[Numpy-discussion] Using multiprocessing (shared memory) with numpy array multiplication

Thu Jun 16 13:49:27 EDT 2011

Den 16.06.2011 19:23, skrev Robin:
>
> If you are on Linux or Mac then fork works nicely so you have read
> only shared memory you just have to put it in a module before the fork
> (so before pool = Pool() ) and then all the subprocesses can access it
> without any pickling required. ie
> myutil.data = listofdata
> p = multiprocessing.Pool(8)
> def mymapfunc(i):
>      return mydatafunc(myutil.data[i])
>
> p.map(mymapfunc, range(len(myutil.data)))
>

There is still the issue that p.map does not do any load balancing. The 
processes in the pool might spend all the time battling for a mutex. We 
must thus arrange it so each call to mymapfunc processes a chunk of data 
instead of a single item.

This is one strategy that works well:

With n remaining work items and m processes, and c the minimum chunk 
size, let the process holding a mutex grab

    max( c, n/m )

work items.

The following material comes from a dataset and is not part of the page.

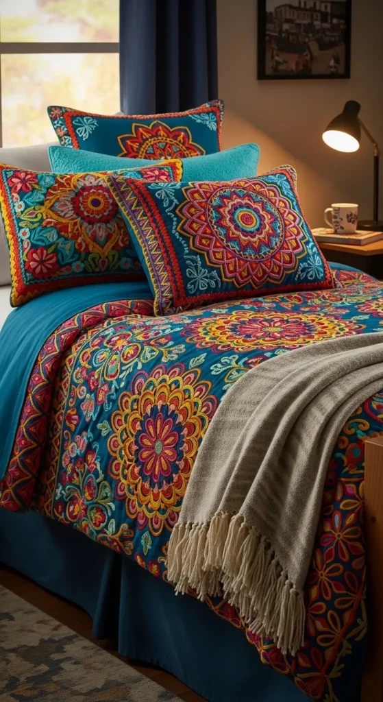 Embroidered bed linens offer a fantastic way to bring texture and detail into your Boho dorm room. The intricate designs and vibrant threads create a rich, artistic look, turning your bed into a focal point in the room. Choose linens with ethnic patterns or soft floral motifs to match the Boho theme and make your bed a cozy, stylish retreat.

Then n is reduced accordingly, and this continues until all 
items are exchausted.

Also, as processes do not work on interleaved items, we avoid false 
sharing as much as possible. (False sharing means that one processor 
will write to a cache line used by another processor, so both must stop 
what they're doing and synchronize cache with RAM.)

Sturla